Heatmaps — Correlation Matrices, Pivot Tables, and Missing Data¶
A heatmap turns a table of numbers into a visual pattern your brain can read in seconds. A well-built correlation heatmap can reveal that two features you planned to use together are 0.95 correlated — redundant, and a sign to drop one before modeling. A poorly built heatmap with the wrong colormap or no masking is just noise. This note covers how to build heatmaps that actually communicate.
Learning Objectives¶
- Build a correlation heatmap and mask the upper triangle to remove redundancy
- Choose the right colormap for the data type (diverging vs. sequential)
- Create a pivot table and visualize it as a heatmap
- Visualize missing value patterns with a boolean heatmap
- Format annotations so numbers are readable at scale
Setup¶
import pandas as pd
import numpy as np
import matplotlib.pyplot as plt
import seaborn as sns
sns.set_theme(style="white")
Correlation Heatmap — The Most Common Use Case¶
A correlation matrix is a square table where each cell shows the Pearson correlation between two numeric columns. Values range from −1 (perfect negative correlation) to +1 (perfect positive correlation). Zero means no linear relationship.
You will build this before every ML project. It tells you which features move together, which are redundant, and which have a relationship with your target.
np.random.seed(42)
n = 250
# Simulate a student performance dataset
study_hours = np.random.normal(4.5, 1.5, n).clip(0, 10)
sleep_hours = np.random.normal(7.0, 1.2, n).clip(4, 10)
attendance = np.random.uniform(55, 100, n)
stress = np.random.normal(5, 2, n).clip(1, 10)
score = (study_hours * 5 + attendance * 0.3 - stress * 1.5
+ np.random.normal(30, 8, n)).clip(20, 100)
prev_score = (score * 0.7 + np.random.normal(0, 10, n)).clip(20, 100)
perf_df = pd.DataFrame({
"study_hours": study_hours,
"sleep_hours": sleep_hours,
"attendance": attendance,
"stress": stress,
"score": score,
"prev_score": prev_score,
})
corr = perf_df.corr()
fig, ax = plt.subplots(figsize=(8, 6))
sns.heatmap(
corr,
annot=True,
fmt=".2f",
cmap="coolwarm",
center=0,
vmin=-1, vmax=1,
linewidths=0.5,
linecolor="white",
ax=ax
)
ax.set_title("Feature Correlation Matrix", fontsize=13, pad=12)
plt.tight_layout()
plt.savefig("correlation_heatmap.png", dpi=150, bbox_inches="tight") # or plt.show()

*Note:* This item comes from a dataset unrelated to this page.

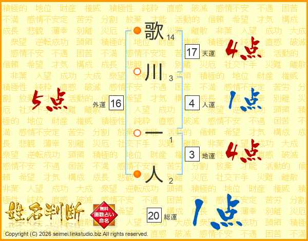 歌川一人さんの天運は17画の4点!

Choosing the Right Colormap
- Diverging (
"coolwarm","RdBu","PiYG") — use when values have a meaningful center point (zero). Correlation matrices always use diverging. Setcenter=0. - Sequential (
"Blues","YlGnBu","Greens") — use when values go from low to high with no meaningful zero (sales totals, counts, frequencies). Never use sequential for correlation — negative correlations will be invisible. - Never use
"jet"or"rainbow"— they have perceptual discontinuities that introduce false patterns and are not accessible to colorblind readers.
Masking the Upper Triangle¶
A correlation matrix is symmetric — the value at [i, j] equals the value at [j, i]. Displaying both triangles doubles the visual information without adding insight. Masking the upper triangle removes the redundancy and makes the matrix easier to scan.
import numpy as np
mask = np.triu(np.ones_like(corr, dtype=bool))

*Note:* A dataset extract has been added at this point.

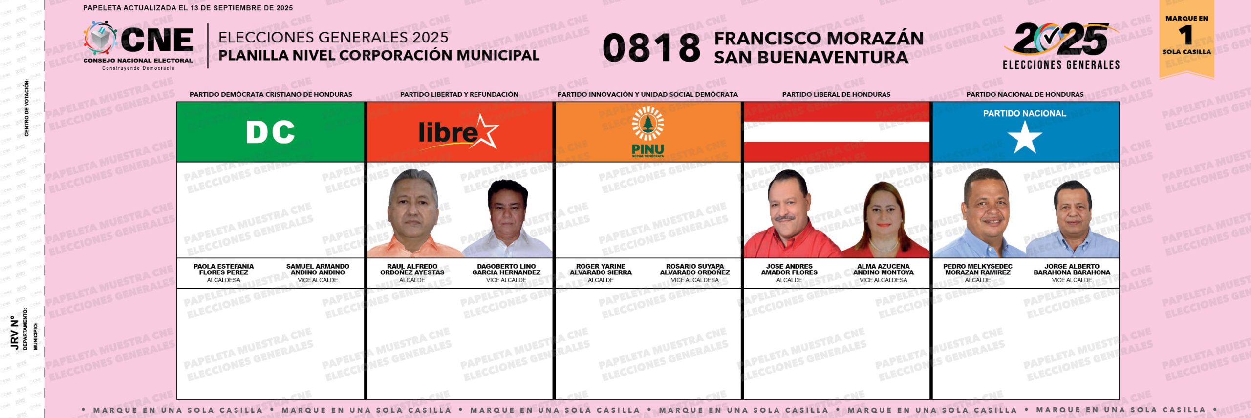 0 Carga electoral Electores habilitados para ejercer el sufragio. Porcentaje de electores que votaron en 2021 (para nivel presidencial): 91.07% La alcaldía fue ganada por el Partido Liberal (2021). Papeleta electoral Actualizado al 16 de septiembre. Datos destacados: 0818 Código del municipio.

fig, ax = plt.subplots(figsize=(8, 6))
sns.heatmap(
corr,
mask=mask,
annot=True,
fmt=".2f",
cmap="coolwarm",
center=0,
vmin=-1, vmax=1,
linewidths=0.5,
linecolor="white",
square=True,
ax=ax
)
ax.set_title("Lower-Triangle Correlation Matrix", fontsize=13, pad=12)
plt.tight_layout()
plt.savefig("correlation_lower_triangle.png", dpi=150, bbox_inches="tight") # or plt.show()

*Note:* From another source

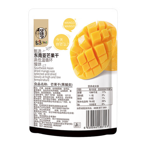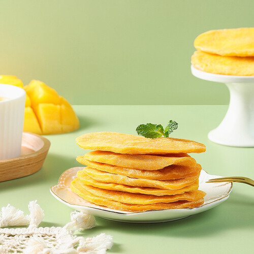 这款芒果干肉质厚实,酸甜适中口感厚实果肉有嚼劲,清香馥郁。果肉干净,肉质柔软。

square=True Makes the Cells Uniform
Adding square=True forces each cell to be a perfect square regardless of figure dimensions. This makes correlation matrices look cleaner and prevents a stretched, distorted appearance.
Reading the Correlation Matrix¶
# Find the highest-correlation pairs (excluding self-correlation)
corr_pairs = (
corr.where(np.tril(np.ones(corr.shape), k=-1).astype(bool))
.stack()
.reset_index()
)
corr_pairs.columns = ["feature_1", "feature_2", "correlation"]
corr_pairs = corr_pairs.reindex(
corr_pairs["correlation"].abs().sort_values(ascending=False).index
)
print(corr_pairs.head(8).to_string(index=False))
# score and prev_score will show the highest correlation
# study_hours and score will also rank high
| Value | Meaning |
|---|---|
| 0.9 – 1.0 | Very strong positive — features may be redundant |
| 0.5 – 0.9 | Strong positive — worth investigating |
| 0.0 – 0.5 | Weak to moderate positive |
| −0.5 – 0.0 | Weak to moderate negative |
| −0.9 – −0.5 | Strong negative — one rises as the other falls |
| Below −0.9 | Very strong negative — potentially redundant |
Correlation Is Not Causation
A high correlation between score and prev_score does not mean previous scores cause current scores — it means they share common causes (student ability, study habits). Correlation identifies relationships worth investigating. It does not explain them.
Pivot Table Heatmap — Cross-Tabulated Data¶
A pivot table summarizes a numeric column across two categorical dimensions. Visualizing it as a heatmap makes the pattern visible across all combinations at once.
# Simulate monthly sales by product category and region
months = ["Jan","Feb","Mar","Apr","May","Jun","Jul","Aug","Sep","Oct","Nov","Dec"]
categories = ["Electronics","Apparel","Home & Garden","Sports","Books"]
regions = ["North","South","East","West"]
np.random.seed(7)
records = []
for month in months:
for cat in categories:
for region in regions:
base = {"Electronics": 180, "Apparel": 95, "Home & Garden": 110,
"Sports": 130, "Books": 55}[cat]
records.append({
"month": month, "category": cat, "region": region,
"revenue": int(base * np.random.uniform(0.85, 1.25))
})
sales_df = pd.DataFrame(records)
# Pivot: category × month
pivot_month = sales_df.pivot_table(
values="revenue",
index="category",
columns="month",
aggfunc="sum"
)
pivot_month = pivot_month[months] # enforce calendar order
fig, ax = plt.subplots(figsize=(14, 5))
sns.heatmap(
pivot_month,
annot=True,
fmt=".0f",
cmap="YlGnBu",
linewidths=0.4,
linecolor="white",
ax=ax
)
ax.set_title("Total Revenue by Category and Month (₹ thousands)", fontsize=13, pad=12)
ax.set_xlabel("Month")
ax.set_ylabel("Category")
ax.tick_params(axis="x", rotation=0)
plt.tight_layout()
plt.savefig("pivot_heatmap.png", dpi=150, bbox_inches="tight") # or plt.show()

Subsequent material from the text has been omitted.